After Karen Cooper lost her job a year ago, she recalls, she grew depressed and withdrew from friends. Then she took a job working with Santa Claus at the Lake Forest Mall. Her first fill-in job involved handing out lollipops and operating a cash register, paying just above minimum wage. But it got her out of her home in Gaithersburg — and cheered her up considerably.

     Now she sells mattresses at a shop that lets her read or lounge on the beds when there are no customers around. It’s a commission-based job, and pays barely 60 percent of what she earned managing a portfolio of condos, co-ops and apartments.    Yet as the sole support of two teenage children, she needed a pay-the-bills position. “I had kids to feed,” she said. “You definitely don’t feel triumphant” in such a step-down job. “But this is an opportunity for me to succeed at something new.”

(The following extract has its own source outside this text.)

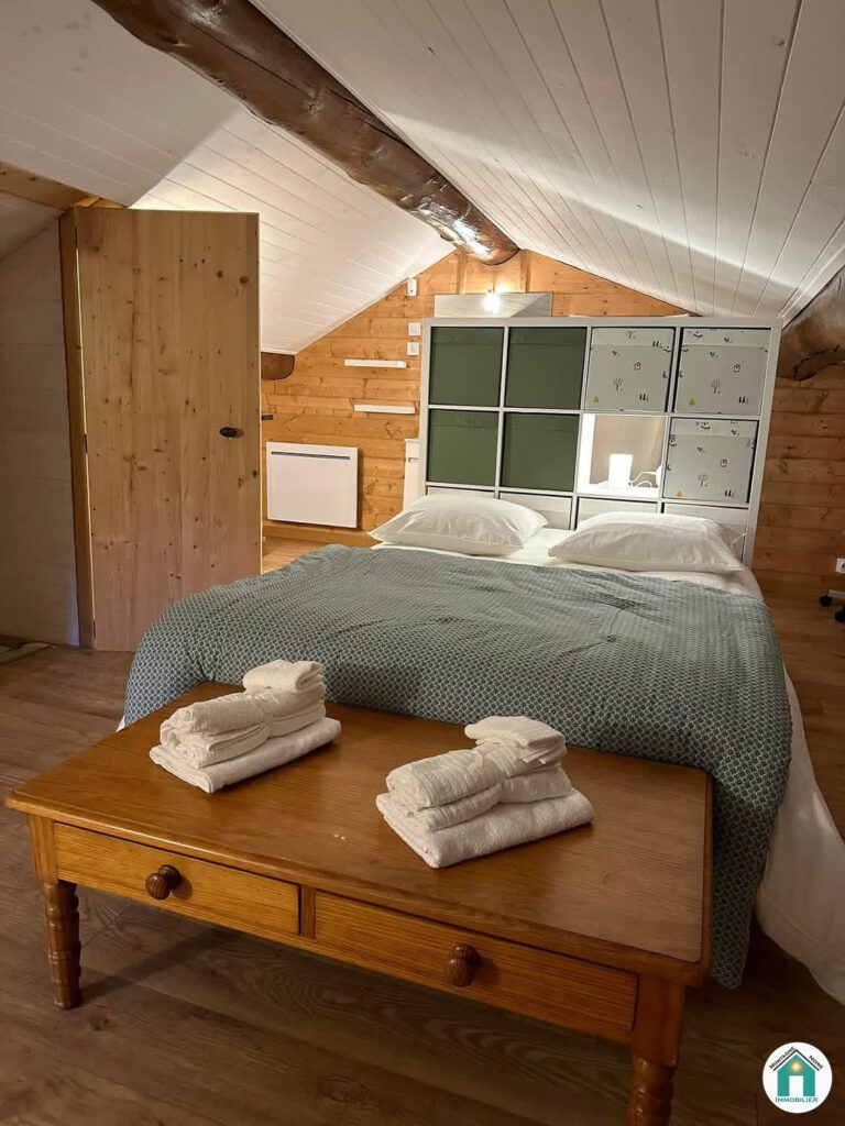 Au dernier étage sous toit, nous trouvons une très jolie pièce avec plusieurs ouvertures, un point d’eau (lavabo) et des coins rangements. Actuellement utilisée en chambre, cette pièce peut -être aussi idéale pour créer un atelier de travail, une bibliothèque, un coin salle de jeu, un dortoir avec plusieurs couchages, etc..

    About 43 percent of laid-off workers last year landed jobs that paid less than their previous ones, according to a CareerBuilder survey of 900 people who lost jobs in 2010. Some 8.6 million Americans now hold part-time jobs because they cannot find full-time ones or because their hours were cut, according to the U.S. Bureau of Labor Statistics.

    Among them are people like Monique Riviere, who has 13 recommendations on her LinkedIn profile, and who works about 25 hours or less a week for a nonprofit organization handling itsconstituent database, Web site and IT needs. She is actively seeking a full-time job.

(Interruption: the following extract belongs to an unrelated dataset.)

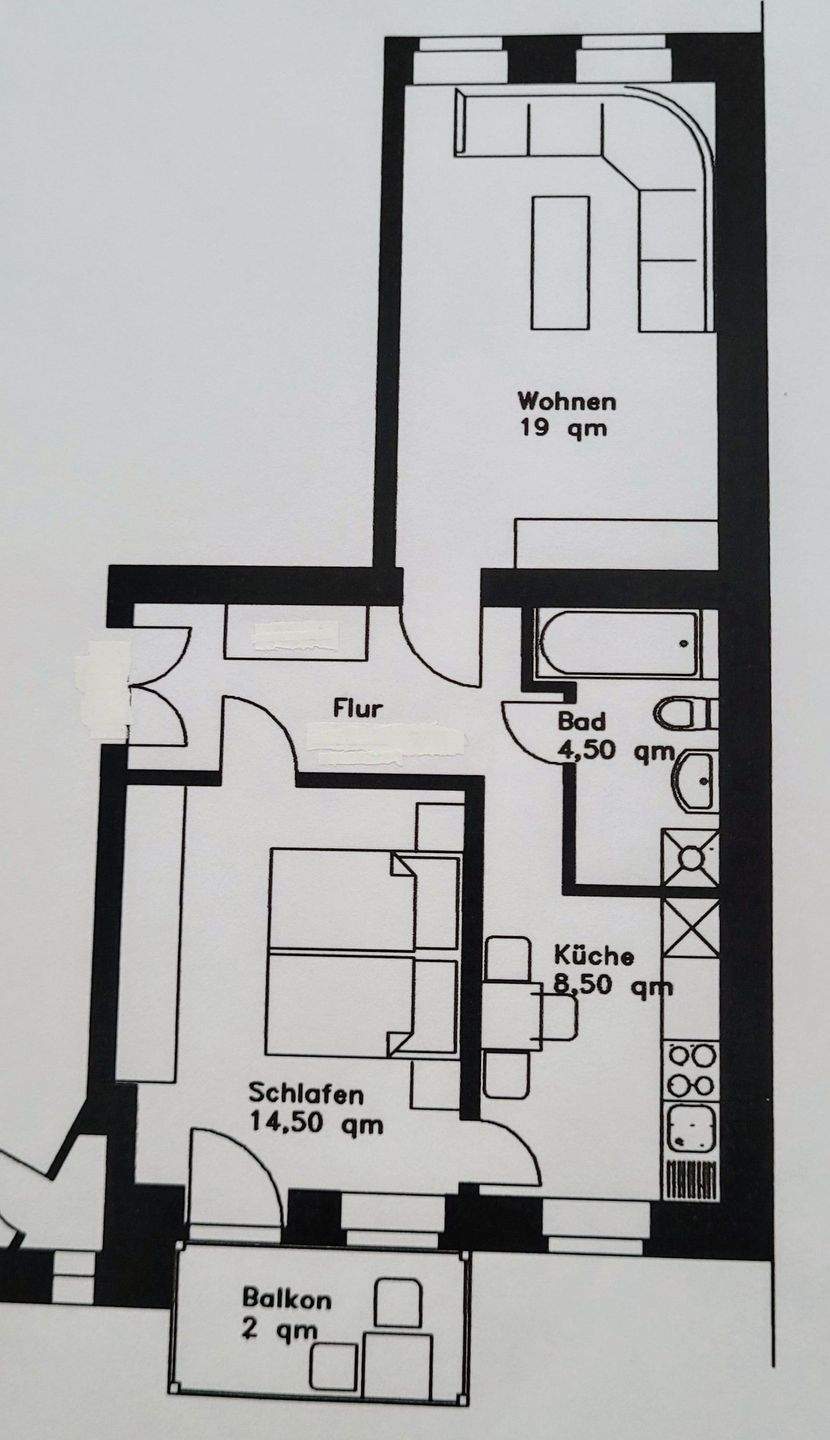 vermietete 2-Raumwohnung mit Balkon
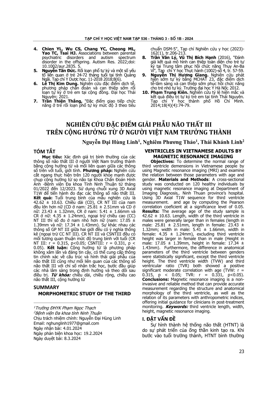 Xác định giá trị bình thường của các thông số não thất III ở người Việt Nam trưởng thành bằng cộng hưởng từ và mối liên quan giữa các thông số trên với tuổi, giới tính. Phương pháp: Nghiên cứu cắt ngang thực hiện trên 120 người khỏe mạnh được chụp cộng hưởng từ sọ não tại Khoa Chẩn Đoán Hình Ảnh -Bệnh viện Đa khoa Tỉnh Ninh Thuận từ tháng 01/2022 đến 12/2023. Sử dụng chuỗi xung 3D Axial T1W để tiến hành đo đạc các thông số não thất III. Kết quả: Tuổi trung bình của mẫu nghiên cứu là 42.62 ± 10.63. Chiều dài (CD), CR NT III của nam đều lớn hơn nữ (CD ở nam: 25.81 ± 2.51mm và CD ở nữ: 23.43 ± 1.32mm, CR ở nam: 5.41 ± 1.66mm và CR ở nữ: 4.35 ± 1.24mm), ngoại trừ chiều cao (CC) NT III thì số đo ở nam nhỏ hơn nữ (nam: 17.05 ± 1.39mm và nữ: 17.34 ± 1.43mm). Sự khác nhau các thông số GP NT III giữa hai giới đều có ý nghĩa thống kê (ngoại trừ CC NT III). CR NT III và CSNTIII đều có mối tương quan thuận mức độ trung bình với tuổi (CR NT III: r = 0.315, p<0.05; CSNTIII: r = 0.331, p < 0.05). Kết luận: Cộng hưởng từ là phương pháp không xâm lấn và đáng tin cậy, có thể cung cấp thông tin chính xác về cấu trúc và hình thái giải phẫu của não thất III cũng như mối liên quan của các thông số não thất III với chỉ số nhân trắc học, bước đầu giúp các nhà lâm sàng trong định hướng và theo dõi sau điều trị.

    “I do need more money,” said Riviere, who makes less than half per hour what she earned five years ago. “It’s just not as easy to find as I’d hoped.”

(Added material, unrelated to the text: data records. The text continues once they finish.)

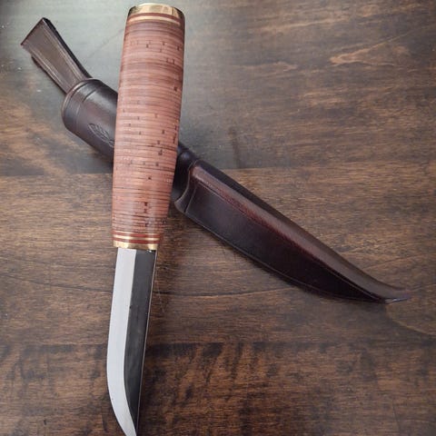 Joulupakettiin vanha hyväkuntoinen puukko puukahvalla ja -tupella
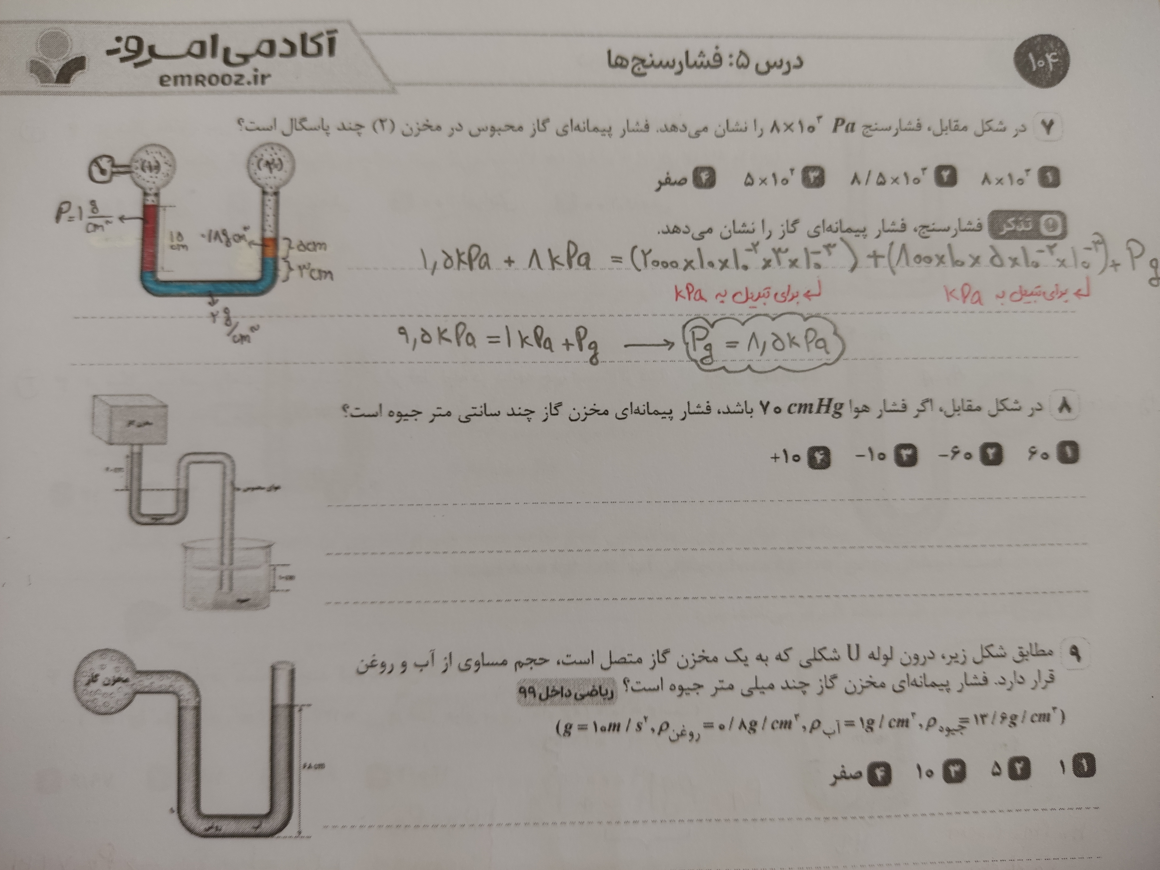سلام وقتتون بخیر ببخشید من این سوال رو اینجوری حل کردم درسته؟گفتم که طبق شکل چون ارتفاع مایع در ستون چپ بیشتره پس فشار گاز 2 از یک بیشتره و فقط گزینه دو از هشت هزار بیشتر میشه که زدم دو
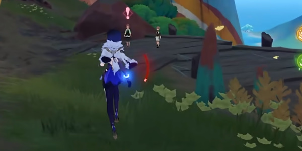 1、玩家来到稀土标记的传送锚点,然后前往图中标记的粉色感叹号所在位置,找到两个小朋友进行对话接取任务。

    She’s been looking off and on since the summer of 2009, when she decided she wanted back into the 9 to 5 world after three years of owning and running a window treatment franchise. “You’re working alone and all the time,” she said, between chasing new clients, writing proposals and keeping up with client needs. With a background in IT and three years of self-employment, she feels more qualified to tackle an array of projects and issues for employers.

    “I didn’t get too many calls,” she recalled, as the recession’s grip brought hiring to a near halt. So she worked as a temp for a while, then landed her part-time job. Now she has gone to two interviews in a week or so and feels a little more hopeful that her fill-in days are numbered.

    “It’s just a job. It doesn’t have to be my passion,” said Riviere, who at 35 is starting to think about having or adopting a child.

    “I have family members in their 50s and they’re living paycheck to paycheck,” she said. “I don’t want to risk that,” so she hopes to land a job that will have a good retirement fund and also looks forward to paid vacations again. Her husband has a full-time research job at the Defense Department, but she thinks they are behind on their goals.

    Saadia Chaudhry is single, and she has spent three years in a series of contract, part-time and temp jobs in Web site design and editing. “I worry a lot about money,” she said, and she hopes to snag something full time soon. “I wouldn’t feel like any job is beneath me. You’re still learning something.”